While the CSJ-RDB (version 2.0) is based upon the XML documents in the CSJ, we are adding some supplements and corrections. The major additions and modifications are as follows.
The 1st - 4th editions of the CSJ, the core contains speech data of various types: presentations and speeches (both at conferences and simulated), dialogues, and re-readings. For academic presentation speech and simulate public speaking, which account for the majority of the data, a large variety of annotations have been manually created. However, only part of this information is available for dialogues and re-readings. In the CSJ-RDB, we have added the following new information for these types of data:
It should be noted that the standards of classification for clause units have been extended for the clause unit information in dialogues. Please see the following for more details.

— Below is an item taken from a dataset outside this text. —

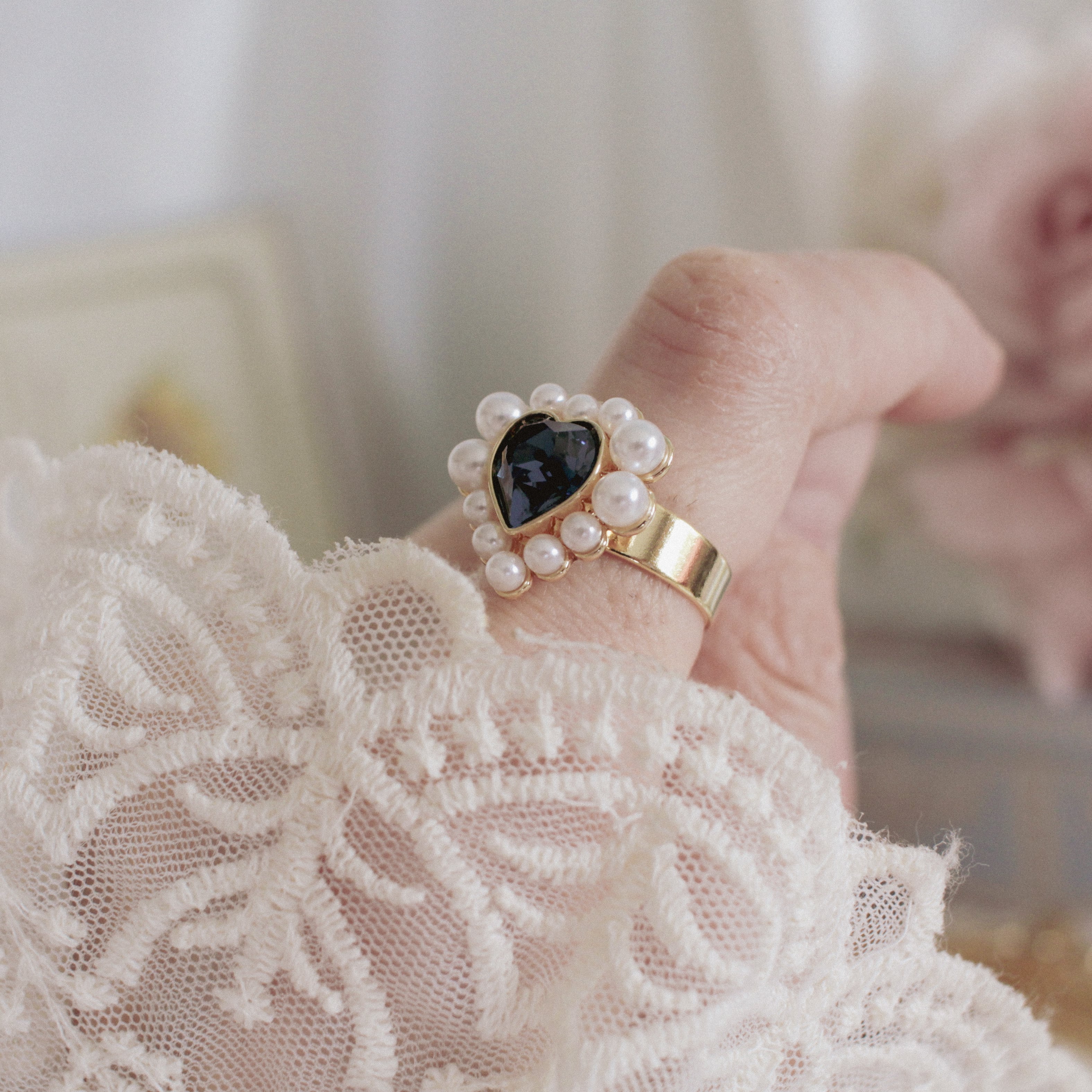 華奢なリングとの組み合わせでもつけられます。

Other information corresponds with the standards of the CSJ (1st - 4th edition). Please refer to the following documents for more details.

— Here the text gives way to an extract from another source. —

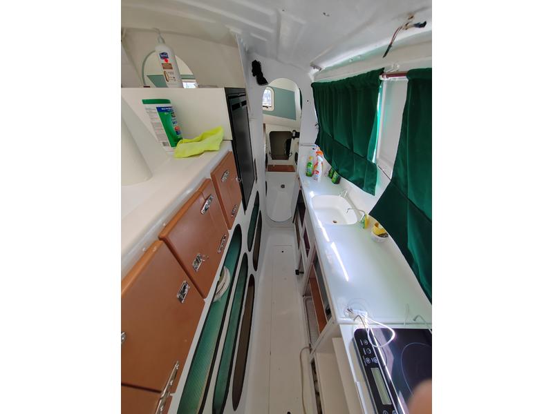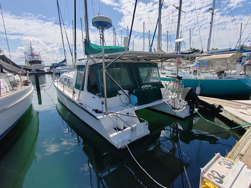 Location: Bocas Del Toro, Panama Asking: $35,000 (USD) S/V El Marinero is a 1982 Catalac 8M catamaran, for sale by owner. She comes with 33" hull extensions/swim platforms/motor mounts 2x 9.9hp Suzuki. Electric propulsion, hard dodger allowing complete cockpit enclosure with AC. Lithium batteries. 5.000 and 12.000 BTU portable AC. The Catalac 8M is a pocket cruising catamaran which has a solid reputation for quality, strength and durability. Although classified as a pocket cruiser, the 8M was designed with blue water sailing in mind. Twin diesel models can easily motor almost 1000 kilometers without refueling. Constructed with solid fiberglass hulls, these are quality boats which were built like battleships. |

In the prosodic labelling scheme X-JToBI which the CSJ employs, accent phrases (AP) and intonation phrases (AP) are not explicitly expressed as units, but are rather indirectly represented by information indicating the strength of the prosodic boundary (BI information). AP and IP boundaries are indicated by BI=2 and BI=3 respectively. This information is represented in the CSJ XML documents. Though it is possible to indentify the AP and the IP using BI information, there were issues using these methods to identify disfluency phenomena such as filled pauses or hesitation. Therefore, we have reviewed the standards for classifying AP and IP to improve the handling of these phenomena. In the CSJ-RDB we explicitly indicate units certified as AP or IP with these new standards. Please see the following for more details on the criteria.
See: On the classification standards of prosodic units in the "Corpus of Spontaneous Japanese", (Proceedings of the 3rd Japanese Corpus Llinguistic Workshop; In Japanese)

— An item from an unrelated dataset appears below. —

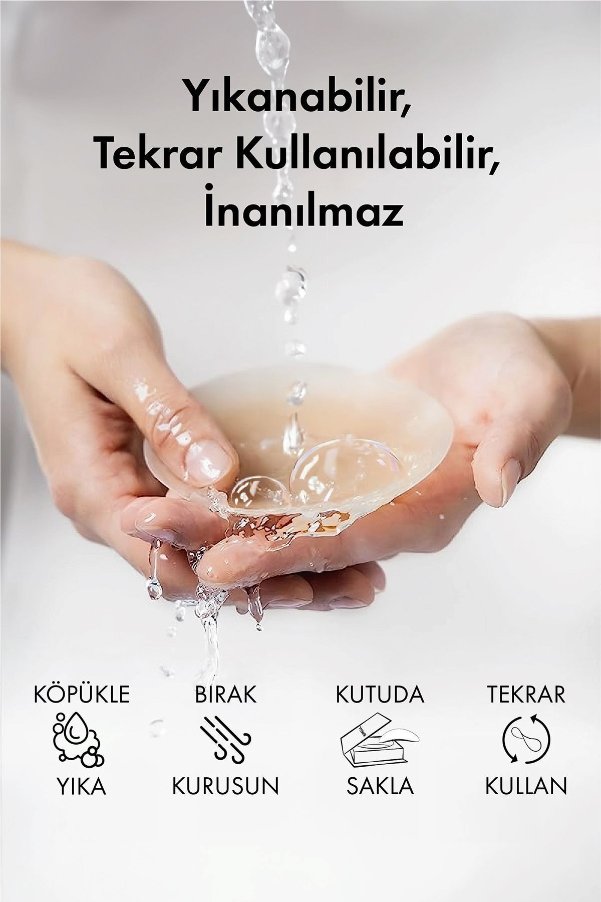 - Giyilipçıkarılması çok kolay, tekrar kullanılabilir yapışkanlı silikon meme ucukapatıcıları, kusursuz ve doğal bir görünüm sağlar.
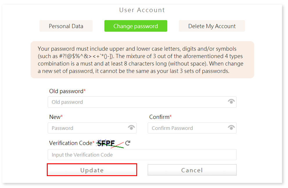Step1. At the Change Password page, filled out the old password and new password (Twice), and type in the random verification code, then, click “Update” to submit your new password.

The information on phones, phonemes, and moras in the CSJ XML documents is mainly automatically generated from the provided prosodic and segmental sound labels. However there are some problems with the phoneme certification rules used up to now, resulting in some phonetically inappropriate unit assignments. Therefore, while retaining the hierarchical structure of the phonetic units (phone < phoneme < mora < word) certain assignment criteria were changes for phonemes (and phones) in order to obtain more phoneitcally reasonable units. Please see the following for more information on the changes.
The start and end times of IPU elements in the CSJ XML (defined in the transcriptions as a unit with a more than 200ms pause) documents are created based on the IPU timing information in the transcription texts. However, in some cases the pause units documented during transcription extended beyond the bounds of the actual pause in speech. Therefore, in order to maintain the hierarchy of the prosodic units in the CSJ-RDB (phone < phoneme < mora < word < IPU), the actual start and end times of the IPUs were determined based on the timing information of the surrounding phones.
In the CSJ, certain characters which can provide identifying information of speakers is redacted and replaced with a "x". Originally, the method used was to simply replace the characters in the transcriptions with an equal number of "x"s. For example, in the case of the name "Kyoko", if it were written in Kanji (京子) it would be replaced by "xx", while if written in katakana (キョーコ) it would be replaced with "xxxx". However, because this was not based on the number of characters rather than the number of actual moras, it could cause some issues with certain calculations, such as average mora length. Therefore, the method had been changed so that redacted texts are replaced with a number of "x"s equal to the total number of moras being replaced.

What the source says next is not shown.